Hundreds of
years from now, after a nuclear conflagration, or a worldwide pandemic, or
global-warming-induced environmental catastrophe has wiped out most of mankind,
humanity’s survivors can venture to NESN’s Watertown headquarters and dig out a
DVD labeled boston red sox vs. new york
mets, june 29, 2006.
That film
will teach them how baseball is played.
Last
night’s game, in addition to being our twelfth
win in a row, our fourth straight series sweep, our 15th
straight errorless game, and a game that put us a season-high four games
above the Yankees, was a textbook case of perfectly-executed baseball fundamentals.
“An
instructional video,” the pitcher called it.
There was
the easy out in the first when Jose Reyes was caught stealing after Schilling
had done his damnedest to keep him close to the bag at first.
Schilling
did it himself in the fifth, picking of Julio Franco at second.
We had Alex
Gonzalez beating out a bunt-hit, then reaching second on the throwing error of
a rattled pitcher.
When the
Mets went up 2-0 on Beltran’s homer, Mark Loretta came right back out for the
sixth and immediately cut the lead in half with a homer over the Monster.
After Ortiz
doubled, Mike Lowell lofted a fly ball to center, and Big Papi busted ass to
get to third.
Then
Varitek scored him with a sac fly to tie it.
Schilling
held the line for the seventh, and then it was time to get back to work.
Speedy Coco
Crisp reached on another bunt.
Then he
stole second.
Then Gonzo
moved him to third.
Then
Youkilis, calm, cool, and collected, hit another sac fly out to left, and we
had a lead.
Then, with
Mike Timlin pitching, with two outs, and a man on first, with one of the best
hitters in the NL at the dish, came The Catch.
If you
happen see a more jaw-dropping play in a baseball outfield in the next two
decades, please let me know.
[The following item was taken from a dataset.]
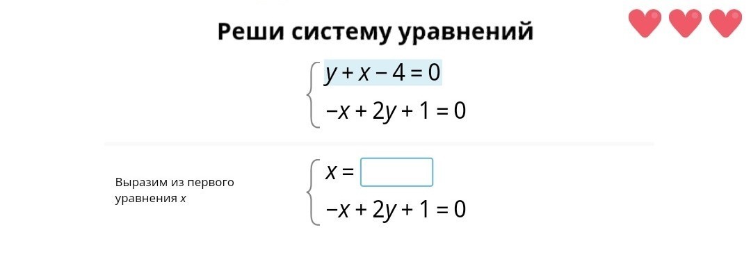 left { {{y + x - 4 = 0} atop {-x+2y+1=0}} right. \left { {{x =4-y} atop {-(4-y)+2y+1=0}} right. \left { {{x=4-y} atop {-4+y+2y+1=0}} right. \\left { {{x=4-y} atop {-3+3y=0}} right. \left { {{x=4-y} atop {3y=3}} right. \left { {{x=4-y} atop {y=1}} right. \left { {{x=3} atop {y=1}} right.
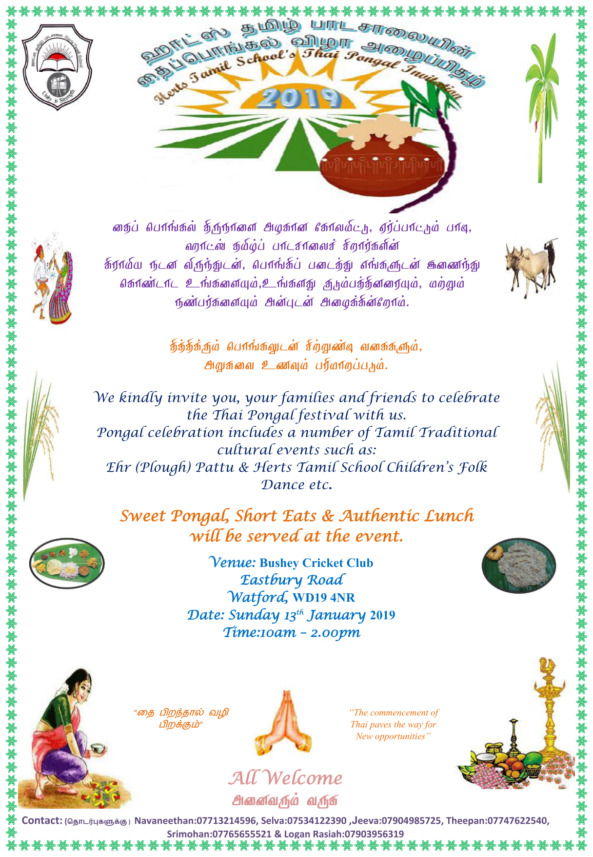 We kindly invite you, your friends and families to celebrate the Thai Pongal festival with us.

On
eagles’ wings, he was.
Ortiz led
off the next inning with the coup de grâce, homering to deep center on
the third pitch.
It was the
200th of his career.
And that
was that. Jonathan Papelbon submitted another perfect inning, and notched his
24th save (tying Dick Radatz’s rookie record before we’ve even reached the
All-Star Break). It had been a fine pitchers duel for the first half of the
game, but in the end, ours was better than theirs.
Seven
innings, seven hits, six strikeouts, two runs. Curt Schilling is a good
pitcher.
So is
Timlin. So is Papelbon.
And our
lineup is full of good hitters. And our infield is jaw-dropping. And our
outfield defense can be pretty nifty when it wants to be too.
Beating NL
teams with NL small ball. I love it.
We’ve got
one more National League team to sweep this season. Let’s do it.